> Task
An exact copy is required of the lines running from the one that contains "雅安市雨城區(qū)人民醫(yī)院金沙" to the end of the material, both ends included, with pictures omitted.

> Given data
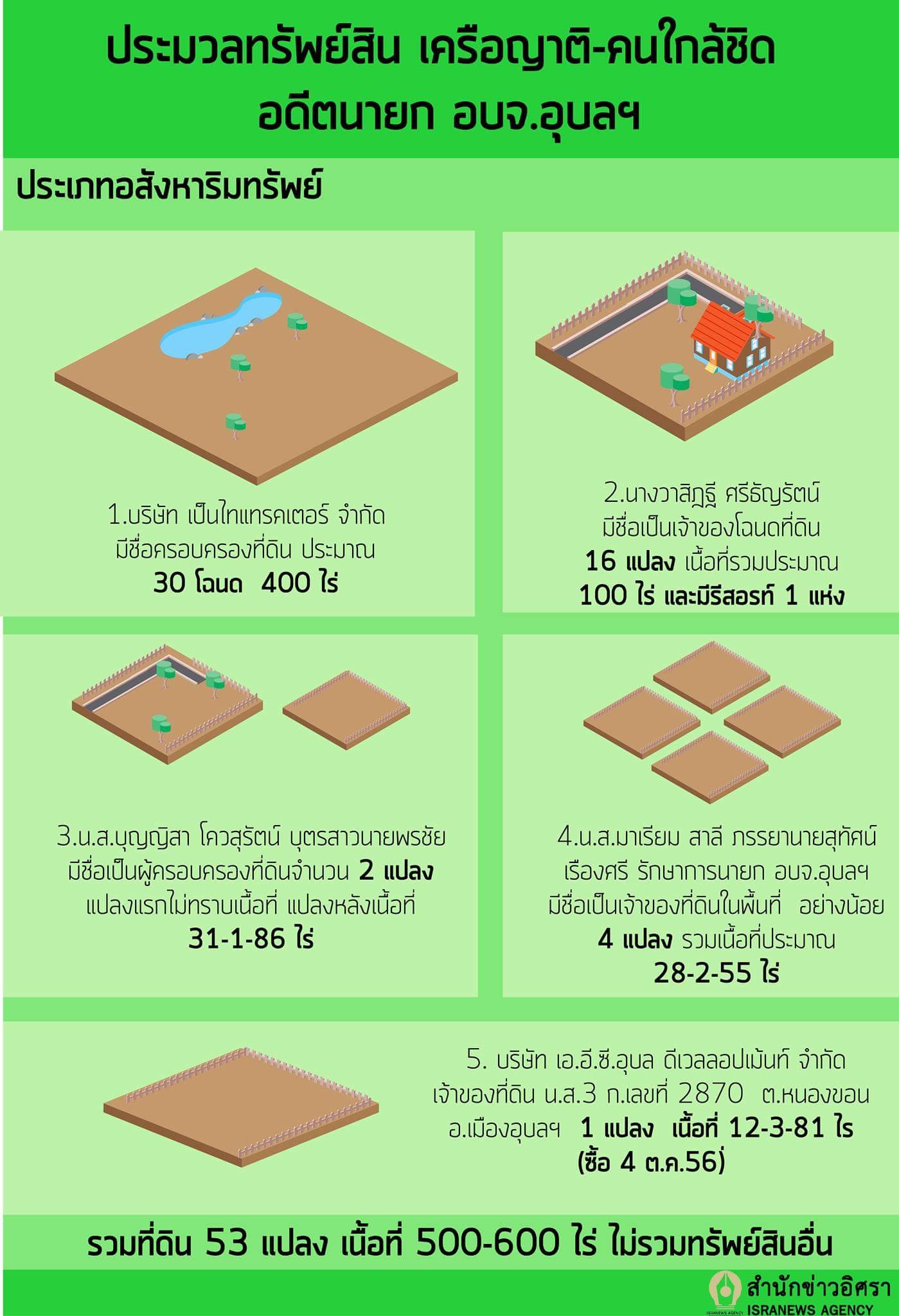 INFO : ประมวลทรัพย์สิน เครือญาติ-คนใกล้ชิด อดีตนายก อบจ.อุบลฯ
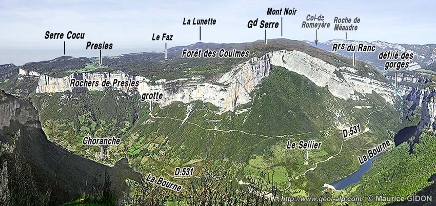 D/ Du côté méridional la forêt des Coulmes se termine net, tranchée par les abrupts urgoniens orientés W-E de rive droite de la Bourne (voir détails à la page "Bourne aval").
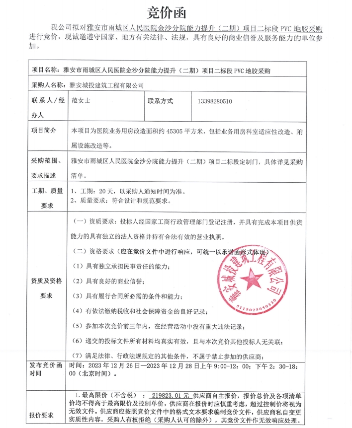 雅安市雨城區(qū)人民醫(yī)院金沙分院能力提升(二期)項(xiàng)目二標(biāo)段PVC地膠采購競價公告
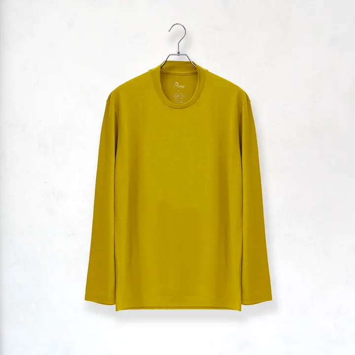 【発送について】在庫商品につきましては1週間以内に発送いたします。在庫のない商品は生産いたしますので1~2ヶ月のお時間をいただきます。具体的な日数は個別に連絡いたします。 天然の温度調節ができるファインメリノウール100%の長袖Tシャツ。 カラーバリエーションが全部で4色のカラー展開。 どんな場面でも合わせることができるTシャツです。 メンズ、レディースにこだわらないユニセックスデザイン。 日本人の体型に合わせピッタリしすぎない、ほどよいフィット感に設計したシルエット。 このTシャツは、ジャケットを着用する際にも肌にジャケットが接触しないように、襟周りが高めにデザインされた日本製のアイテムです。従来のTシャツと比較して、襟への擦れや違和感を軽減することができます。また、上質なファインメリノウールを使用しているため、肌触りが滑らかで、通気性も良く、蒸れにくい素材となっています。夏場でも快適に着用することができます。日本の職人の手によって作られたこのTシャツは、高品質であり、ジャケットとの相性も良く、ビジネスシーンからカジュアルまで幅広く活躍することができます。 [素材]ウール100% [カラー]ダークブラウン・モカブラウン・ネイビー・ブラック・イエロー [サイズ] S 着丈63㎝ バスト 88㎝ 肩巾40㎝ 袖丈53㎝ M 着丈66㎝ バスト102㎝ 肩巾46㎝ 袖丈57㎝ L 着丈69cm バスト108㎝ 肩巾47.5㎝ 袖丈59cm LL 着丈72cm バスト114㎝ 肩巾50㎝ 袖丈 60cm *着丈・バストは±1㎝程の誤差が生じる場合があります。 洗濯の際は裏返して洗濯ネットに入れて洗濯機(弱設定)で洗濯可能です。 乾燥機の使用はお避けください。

> Finished task
 雅安市雨城區(qū)人民醫(yī)院金沙分院能力提升(二期)項(xiàng)目二標(biāo)段PVC地膠采購競價公告
 【発送について】在庫商品につきましては1週間以内に発送いたします。在庫のない商品は生産いたしますので1~2ヶ月のお時間をいただきます。具体的な日数は個別に連絡いたします。 天然の温度調節ができるファインメリノウール100%の長袖Tシャツ。 カラーバリエーションが全部で4色のカラー展開。 どんな場面でも合わせることができるTシャツです。 メンズ、レディースにこだわらないユニセックスデザイン。 日本人の体型に合わせピッタリしすぎない、ほどよいフィット感に設計したシルエット。 このTシャツは、ジャケットを着用する際にも肌にジャケットが接触しないように、襟周りが高めにデザインされた日本製のアイテムです。従来のTシャツと比較して、襟への擦れや違和感を軽減することができます。また、上質なファインメリノウールを使用しているため、肌触りが滑らかで、通気性も良く、蒸れにくい素材となっています。夏場でも快適に着用することができます。日本の職人の手によって作られたこのTシャツは、高品質であり、ジャケットとの相性も良く、ビジネスシーンからカジュアルまで幅広く活躍することができます。 [素材]ウール100% [カラー]ダークブラウン・モカブラウン・ネイビー・ブラック・イエロー [サイズ] S 着丈63㎝ バスト 88㎝ 肩巾40㎝ 袖丈53㎝ M 着丈66㎝ バスト102㎝ 肩巾46㎝ 袖丈57㎝ L 着丈69cm バスト108㎝ 肩巾47.5㎝ 袖丈59cm LL 着丈72cm バスト114㎝ 肩巾50㎝ 袖丈 60cm *着丈・バストは±1㎝程の誤差が生じる場合があります。 洗濯の際は裏返して洗濯ネットに入れて洗濯機(弱設定)で洗濯可能です。 乾燥機の使用はお避けください。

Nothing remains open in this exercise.